A production governed agent system typically speaks all three.
- Platform teams operating AI agents in regulated environments (BFSI, healthcare, defense, public sector, critical infrastructure).
- Vendors building orchestration engines, agent SDKs, or agent marketplaces who need a governance contract with their customers' compliance teams.
- Enterprise architects defining their organisation's AI governance posture and needing an open standard to anchor it.
- Regulators and standards bodies seeking evidence-based, technically verifiable AI governance primitives.
- Researchers and practitioners working on accountable, explainable, human-governed AI systems.
AI agents are being deployed into production faster than the governance models around them are maturing. The pattern is familiar: the first wave of any powerful technology arrives without its safety infrastructure, and the infrastructure is built retroactively, at higher cost, under regulatory pressure, after something has gone wrong.
EGAP is an attempt to build the governance layer alongside the capability layer — not after it. The protocol exists so that an enterprise deploying AI agents into a payment system, a hospital, a grid control centre, or a government service can answer, with cryptographic certainty: who acted, on whose behalf, with whose permission, under what constraints, with what outcome, and with what evidence.
Without that layer, autonomous agents in critical infrastructure are a risk no regulator will accept. With it, they become infrastructure itself.
- Read the spec: SPEC.md
- Understand the positioning: EXPANSIONS.md
- Propose a change: See GOVERNANCE.md for the EGAP Improvement Proposal (EIP) process.
- Report an issue: Use the GitHub issue tracker.
- Report a security issue: See SECURITY.md.
- Join the discussion: GitHub Discussions on this repository.

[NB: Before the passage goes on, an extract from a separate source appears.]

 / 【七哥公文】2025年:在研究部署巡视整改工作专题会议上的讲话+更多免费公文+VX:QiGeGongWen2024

- Implement EGAP: See CONTRIBUTING.md Section 10 and submit a PR to
ADOPTERS.md.
EGAProtocol is an open specification originally developed at MIRASTACK LABS Private Limited and released under the Apache License 2.0. MIRASTACK LABS maintains EGAProtocol in collaboration with the community under the governance model described in GOVERNANCE.md.

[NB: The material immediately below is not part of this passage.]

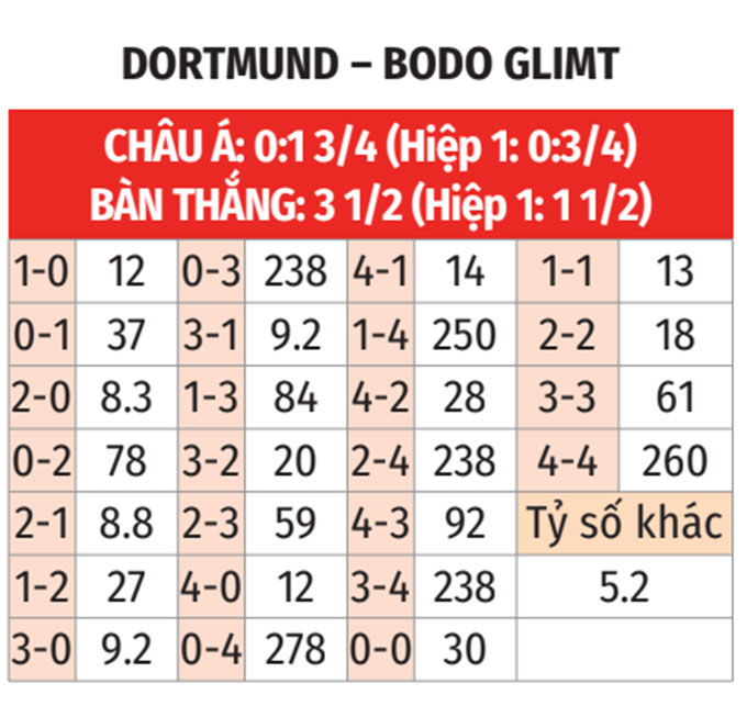 - Dortmund thắng theo châu Á: Trong khi Bodo/Glimt đang có chuỗi 3 trận thua theo châu Á liên tiếp ở Champions League, thì điều ngược lại xảy ra với Dortmund ở 3/4 trận vừa qua. Khi Dortmund có duyên như vậy, đặt niềm tin vào họ là giải pháp khá an toàn.

EGAProtocol and EGAP are names of an open specification. They may be used freely to describe conformant implementations, tutorials, academic work, research publications, and compatible products — subject to the guidance in EXPANSIONS.md.
This specification and all associated artifacts are licensed under the Apache License 2.0.
Documentation files including EXPANSIONS.md, CONTRIBUTING.md, and GOVERNANCE.md are additionally licensed under Creative Commons Attribution 4.0 (CC-BY-4.0) for unrestricted quotability.